Reputation: 63
I have a .csv inside a .gzip which I want to extract some data from. I specifically want to take the average character length from a thread and a comment inside the .csv file (it is a huge reddit forum) and plot them into another chart.
This is the function in Python:
def average_data_threads_and_comments():
# Create columns for the DF and add them
df['thread_title_character_count'] = df['thread_title'].str.len()
df['comment_body_character_count'] = df['comment_body'].str.len()
# Calculation
df_thread_mean_character_count = df.groupby('thread_id')['thread_title_character_count'].mean().mean()
df_thread_mean_score = df.groupby('thread_id')['thread_score'].mean().mean()
df_comment_mean_character_count = df.groupby('comment_id')['comment_body_character_count'].mean().mean()
df_comment_mean_score = df.groupby('comment_id')['comment_score'].mean().mean()
# Create DataFrame for the output
df_average_characters = pd.DataFrame({'thread_title_character_count': [df_thread_mean_character_count],'comment_body_character_count': [df_comment_mean_character_count]})
# Create Plot and Safe
df_average_characters.plot(kind='bar')
plt.xlabel('Typ')
plt.ylabel('Average Characters: ')
plt.savefig(output_folder+'5_average_characters_python.png', bbox_inches="tight")
plt.close()
# Create DataFrame for the output
df_average_score = pd.DataFrame({'thread_score': [df_thread_mean_score],'comment_score': [df_comment_mean_score]})
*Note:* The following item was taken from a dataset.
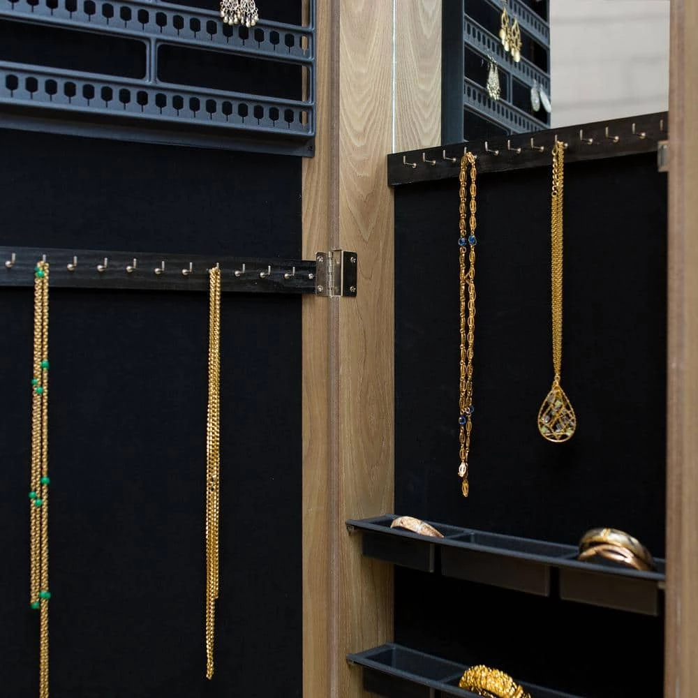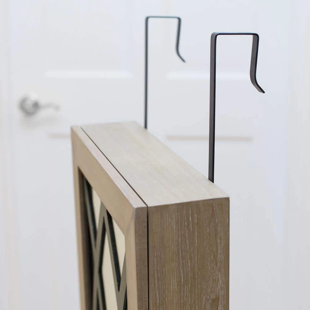 - HANG IN THERE – This jewelry armoire is designed to be hung on the wall. It comes with over-the-door hooks as well as keyholes if you wish to hang it on the wall.

# Plot erstellen und abspeichern
df_average_score.plot(kind='bar')
plt.xlabel('Typ')
plt.ylabel('Average Score')
plt.savefig(output_folder+'6_average_score_python.png', bbox_inches="tight")
plt.close()
This is what i have so far in Julia:
function average_data_threads_and_comments()
df.threadtitlecharactercount = length(df.thread_title)
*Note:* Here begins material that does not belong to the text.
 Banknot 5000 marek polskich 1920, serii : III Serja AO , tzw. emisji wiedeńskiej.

df.commentcharactercount = length(df.comment_body.length)
thread_mean_character_count = mean(combine(groupby(df, :threadtitlecharactercount),
:thread_id => length ∘ unique => :thread_mean_count))
thread_mean_score_count = mean(combine(groupby(df, :thread_score),
:thread_id => length ∘ unique => :thread_mean_score))
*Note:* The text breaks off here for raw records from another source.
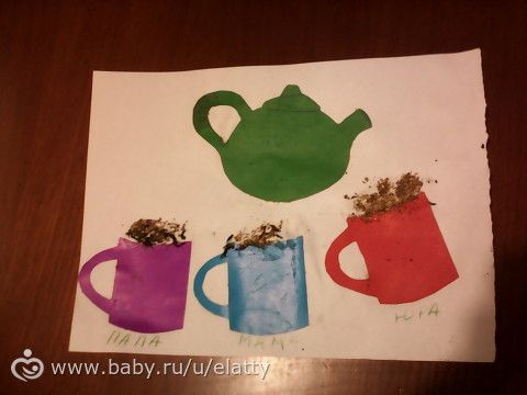 У нас в семье очень любят пить чай, вечером обязательно садимся все вместе попить чайку. Поэтому сегодня мы делали аппликацию «Чаепитие» (цветной картон, клейстер, заварка). Хотела еще кружочки всякие на заварник приклеить, но сын выразил протест, сфоткала и отдала нашу работу на растерзание.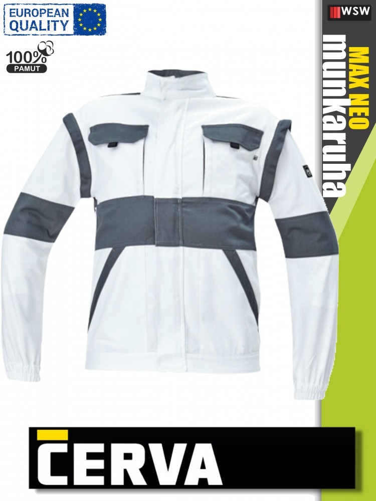 A munkaruha kopásálló technikai anyagból készűlt erősített varásokkal.
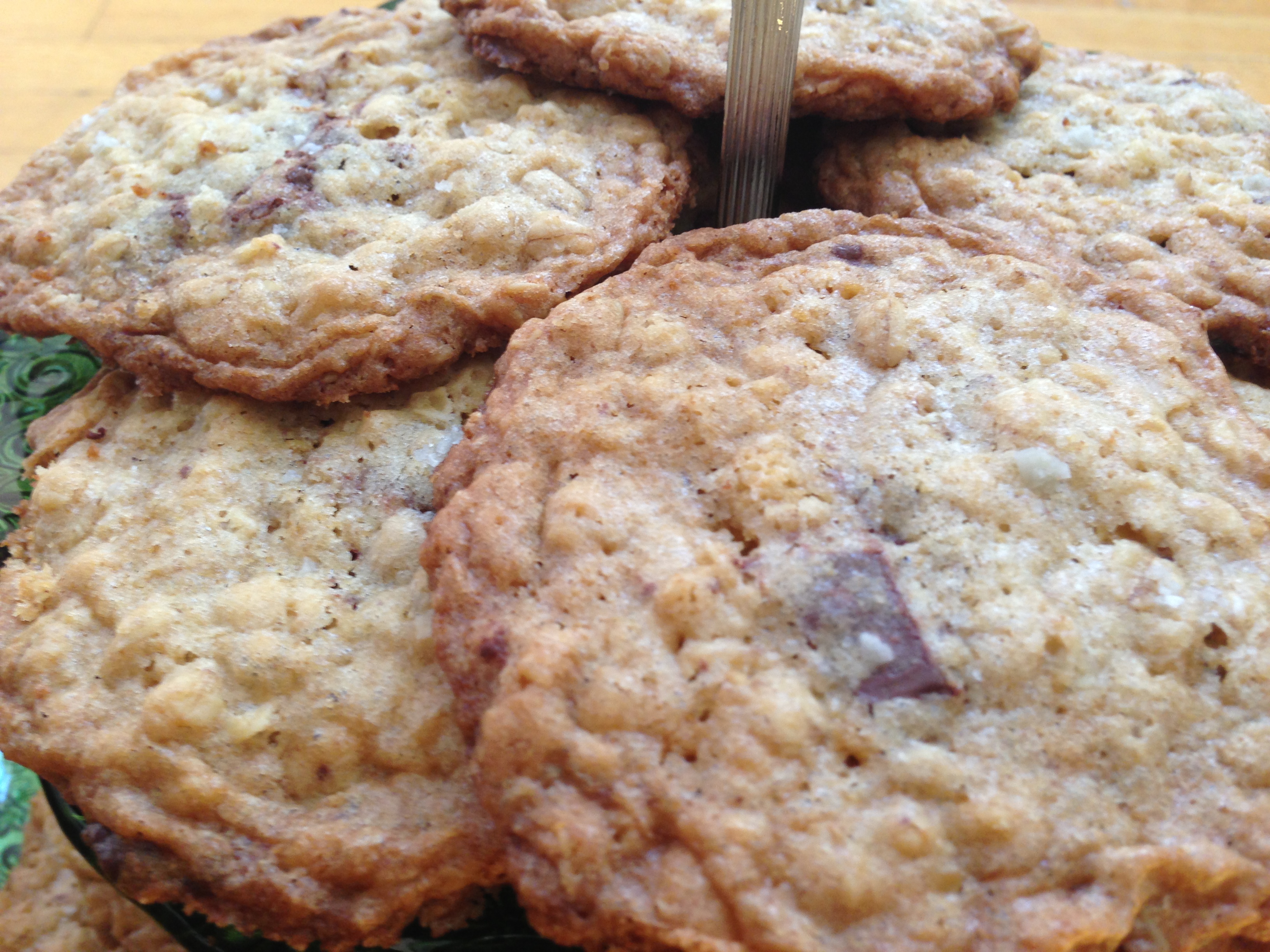 I am in baking dessert mode and my favorite recipe blog for baking is Smitten Kitchen. For this recipe I used Smitten Kitchen’s crispy salted oatmeal white chocolate cookie recipe. I was craving dark chocolate, so I used a Ghirardelli semi-sweet baking chocolate bar.

comment_mean_character_count = mean(combine(groupby(df, :commentcharactercount),
:comment_id => length ∘ unique => :comment_mean_count))
comment_mean_score_count = mean(combine(groupby(df, :comment_score),
:comment_id => length ∘ unique => :comment_mean_score))
bar3 = bar(thread_mean_character_count.threadtitlecharactercount,
comment_mean_character_count.commentcharactercount)
xlabel!("Typ")
ylabel!("Durchschnittliche Zeichenlänge")
title!("Durchschnittliche Anzahl der Zeichen pro Thread und Kommentar")
png(bar3,output_folder*"5_durchschnittliche_anzahl_zeichen_julia.png")
bar4 = bar(thread_mean_score_count.thread_score, comment_mean_score_count.comment_score)
xlabel!("Typ")
ylabel!("Durchschnittlicher Score")
title!("Durchschnittliche Anzahl der Punkte pro Thread und Kommentar")
png(bar4,output_folder*"6_durchschnittliche_anzahl_punkte_julia.png")
end
Can someone help?
EDIT:
Sadly, i have still issues with my Code. This is what i have nowm after many help:
function average_data_threads_and_comments()
df.thread_title_character_count = passmissing(length).(df.thread_title)
df.comment_character_count = passmissing(length).(df.comment_body)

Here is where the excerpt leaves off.